Hello members. This is my 1st post to the forum. I just bought a 67 gto on June 12, 2011 and I've been reading the forum almost nonstop since. Talk about a great group of folks and with lots of knowledge to share.
I got the GTO knowing it needs an engine rebuild. Here is my chance to request the cam of my choice. However I know very little about cam specs and performance.
Here's what it has and how I plan to drive. 1967 400 cu. in. H.O. Original block, heads, complete carb to oil pan. Was bored 030 over. Had valve job done with hardened exhaust valve seats per the previous owner. He disassembled the motor because as I understood he said the "crank was migrating". It is an auto on the column TH400, it has a posi 3.55 rear and 15 x 60 tires, A/C. I like to cruise the freeways and highways and would like a little get up and go at the stop lights, like to know the power is there. I know the gears are not the best for the highway but they are an excellent choice for something in between for street and highway. I dont want a lopey cam sound but more importantly a fuel efficient cam that has a better grind geometry than the original Melling and will be lowering the compression from the original 10.75: 1, to something that can run on unleaded regular or midgrade. P- body did recommend in an earlier post to run the XE262H cam.

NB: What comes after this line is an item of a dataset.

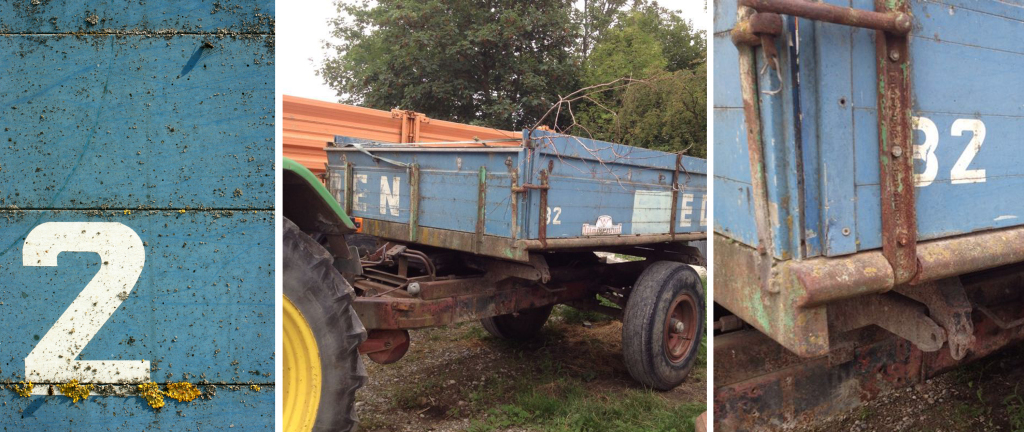 Maar soms kom ik het onderwerp weer tegen en verbaas ik me erover dat ik het eerder herkend heb als schat. Zo kwam ik deze zomervakantie op weg naar Oostenrijk voor de tweede keer op een camping bij Ulm in Duitsland. Ik herinnerde me dat ik daar 5 jaar geleden mijn ‘nr 2’ gespot had. Onlangs was er een klant bij me die overwoog om deze foto te kopen. Ze vroeg me wat de foto eigenlijk was. Dat is een vraag die veel gesteld wordt; ik geef het beeld een nieuwe functie, maar mensen willen altijd de oude weten. In dit geval wist ik het niet meer zo goed. Tsja, iets op een boerenerf. Toen ik echter opnieuw het terrein om de camping bekeek, ontdekte ik opeens mijn ‘nr 2’: op de zijkant van een aanhangwagen van een tractor. Het mooie licht en het gele mosje erop ontbraken echter, net zoals de 2 vliegen met mooie schaduwpartijen schitterden door afwezigheid.

Anybody care to comment and any opinions will be read with great enthusiasm. Thanks ahead for your comments.


----------



## BearGFR (Aug 25, 2008)

For how you're planning to enjoy the car and how it's geared, that recommendation sounds pretty good to me. In a 400 it's going to have good manners.

Bear


----------



## my67goat (Jun 9, 2011)

Anybody else have experience using this cam XE262H.
Thanks


----------